§ AIM OF THE EXERCISE
Please output the data exactly, minus pictures.

§ DATA EXTRACTS
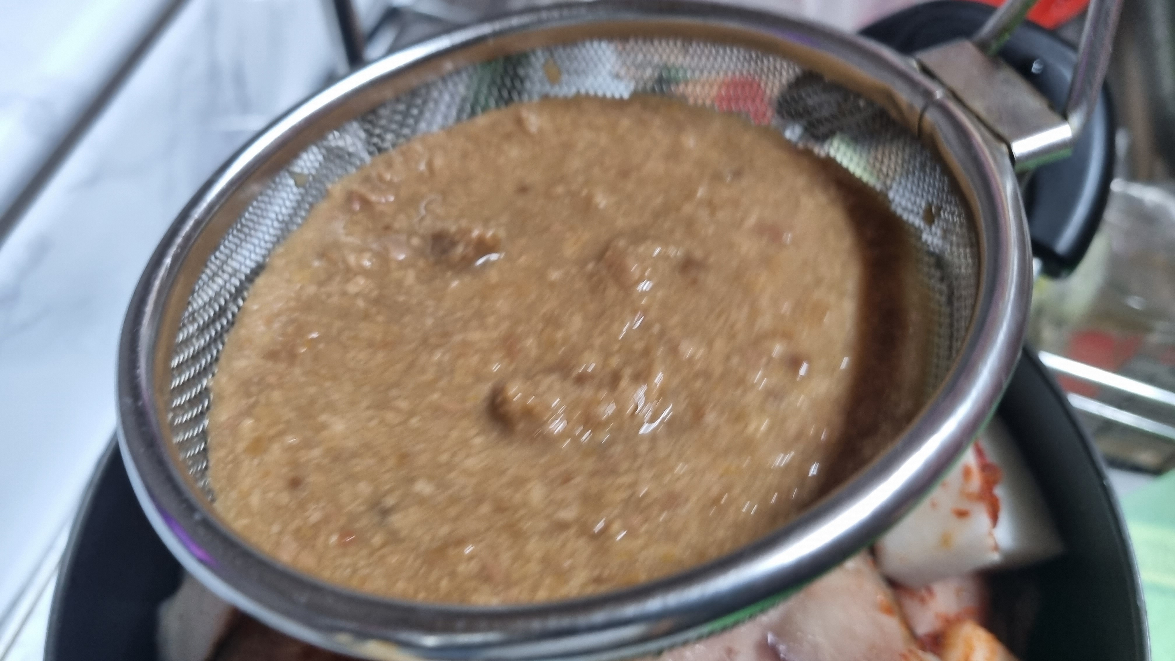 된장은 어른 수저 기준으로 3큰술을 가득 담아 그대로 넣어 풀어도 되고 조금 더 깔끔하게 하려만 망에서 물에 풀어 큰 건더기를 최대한 걸러서 넣으면 깔끔하고 좋습니다.
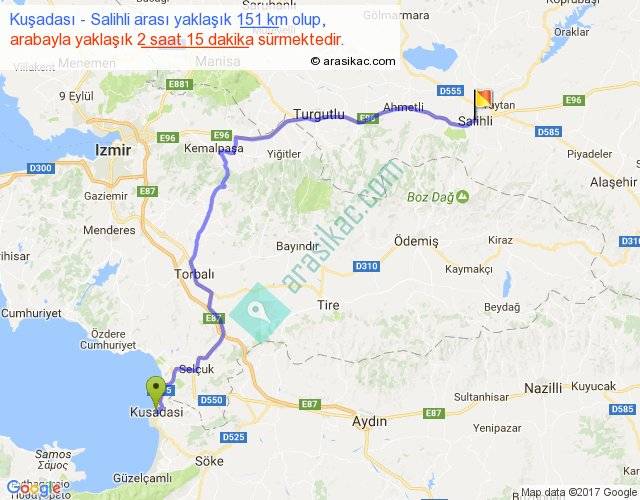 Kuşadası - Salihli arası yaklaşık olarak 90 km/h ile yukarıda belirtilen sürede olup, iki yerin kuş uçuşu uzaklığı (mesafesi) 103'dir. Yolculuk otobüsle 2 saat 55 dakika sürmektedir.
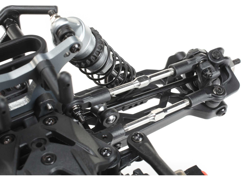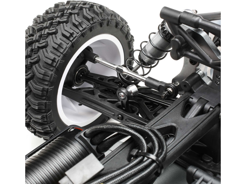 TENACITY DB Pro je postaven v metrické soustavě a obsahuje hliníkové prvky, které konkurence prodává jako volitelné součásti. RC model auta Losi Tenacity-DB Pro je vybaven všemi nejnovějšími technologickými vychytávkami, včetně střídavého regulátoru Spektrum™ Smart 130A BL a střídavého motoru Spektrum Firma® 4-P 3150KV 550, který vám umožní dosáhnout pomocí 3-článkové LiPo baterie, rychlost až 80 km/hod. Regulátor je samozřejmě voděodolný, plně programovatelný a je dodáván s kabelem a konektorem IC5™. V balení je vysílač Spektrum DX3 DSMR, přijímač Spektrum AVC® s prioritou řízení, nainstalovány jsou pneumatiky Falken Wildpeak MT a disky Method. RC model auta Losi Tenacity-DB Pro je sestaven a připraven k jízdě
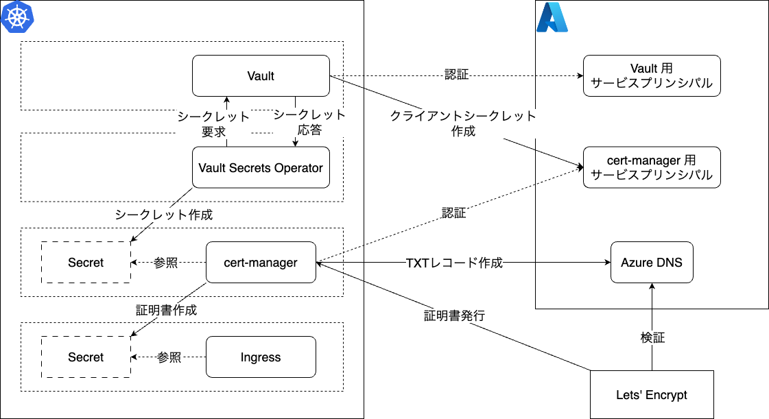 このとき、cert-manager は Microsoft Entra ID のサービスプリンシパルを使います。 サービスプリンシパルのクライアントシークレットは有効期限が最大でも 2 年間 (24 ヶ月) なので、HashiCorp Vault と Vault Secrets Operator を使ってクライアントシークレットを動的に生成して、クライアントシークレットの有効期限を意識せずにサービスプリンシパルを使えるようにします。
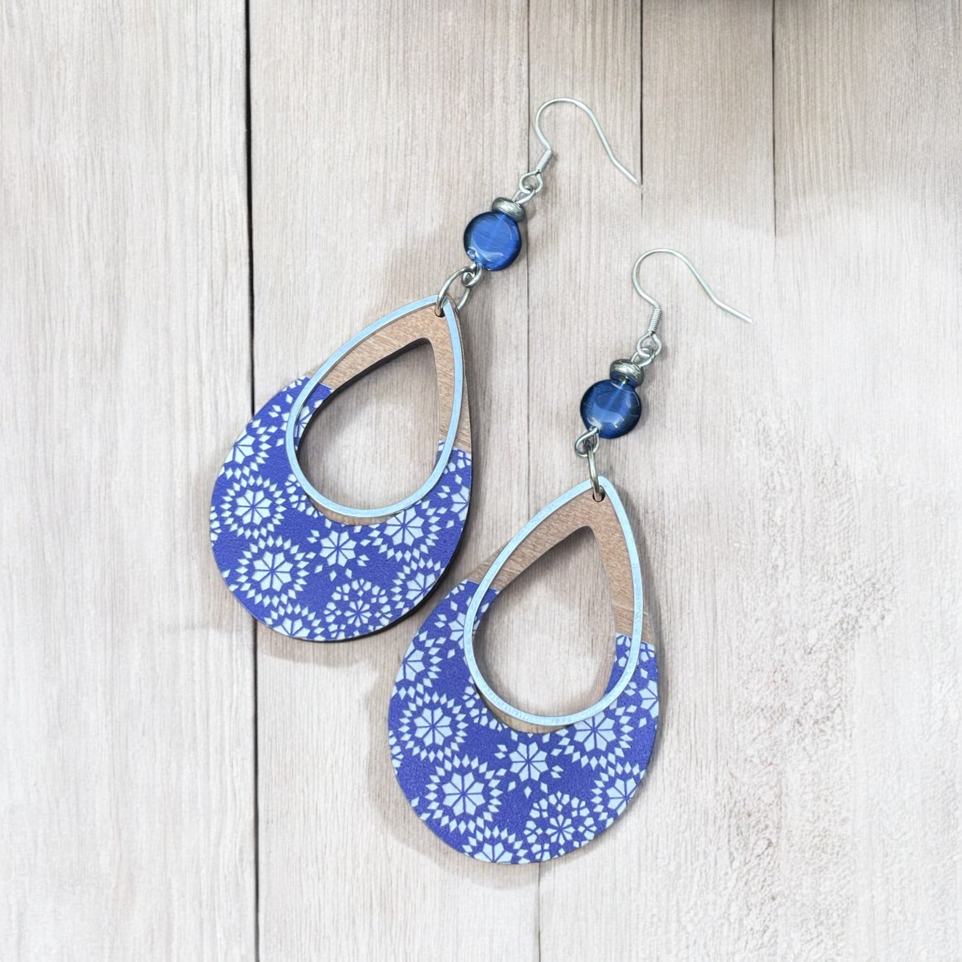 Faites sensation avec ces boucles d'oreilles uniques en bois imprimé et rehaussées de pendentifs et crochets en acier inoxydable.
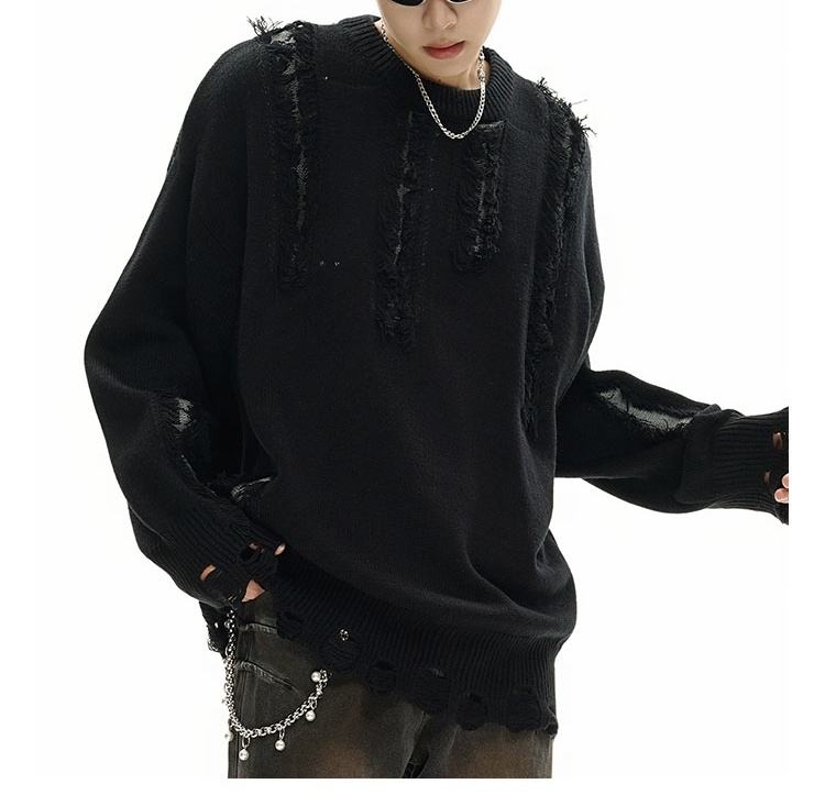 Logo personnalisé OEM & ODM Pull Hop Tricotage décontracté avec pull américain cassé de grande rue européen et américain
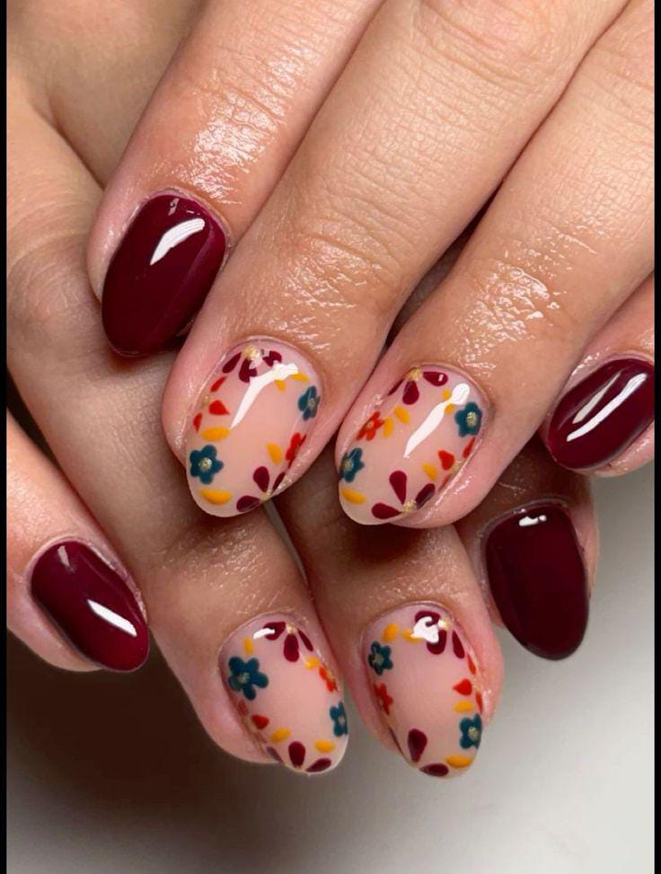 Deep burgundy gel nails are balanced with nude nails featuring colorful floral patterns. The contrast makes the design bold, fun, and perfect for a lively spring look.

§ WRITTEN RESPONSE
 된장은 어른 수저 기준으로 3큰술을 가득 담아 그대로 넣어 풀어도 되고 조금 더 깔끔하게 하려만 망에서 물에 풀어 큰 건더기를 최대한 걸러서 넣으면 깔끔하고 좋습니다.
 Kuşadası - Salihli arası yaklaşık olarak 90 km/h ile yukarıda belirtilen sürede olup, iki yerin kuş uçuşu uzaklığı (mesafesi) 103'dir. Yolculuk otobüsle 2 saat 55 dakika sürmektedir.
 TENACITY DB Pro je postaven v metrické soustavě a obsahuje hliníkové prvky, které konkurence prodává jako volitelné součásti. RC model auta Losi Tenacity-DB Pro je vybaven všemi nejnovějšími technologickými vychytávkami, včetně střídavého regulátoru Spektrum™ Smart 130A BL a střídavého motoru Spektrum Firma® 4-P 3150KV 550, který vám umožní dosáhnout pomocí 3-článkové LiPo baterie, rychlost až 80 km/hod. Regulátor je samozřejmě voděodolný, plně programovatelný a je dodáván s kabelem a konektorem IC5™. V balení je vysílač Spektrum DX3 DSMR, přijímač Spektrum AVC® s prioritou řízení, nainstalovány jsou pneumatiky Falken Wildpeak MT a disky Method. RC model auta Losi Tenacity-DB Pro je sestaven a připraven k jízdě
 このとき、cert-manager は Microsoft Entra ID のサービスプリンシパルを使います。 サービスプリンシパルのクライアントシークレットは有効期限が最大でも 2 年間 (24 ヶ月) なので、HashiCorp Vault と Vault Secrets Operator を使ってクライアントシークレットを動的に生成して、クライアントシークレットの有効期限を意識せずにサービスプリンシパルを使えるようにします。
 Faites sensation avec ces boucles d'oreilles uniques en bois imprimé et rehaussées de pendentifs et crochets en acier inoxydable.
 Logo personnalisé OEM & ODM Pull Hop Tricotage décontracté avec pull américain cassé de grande rue européen et américain
 Deep burgundy gel nails are balanced with nude nails featuring colorful floral patterns. The contrast makes the design bold, fun, and perfect for a lively spring look.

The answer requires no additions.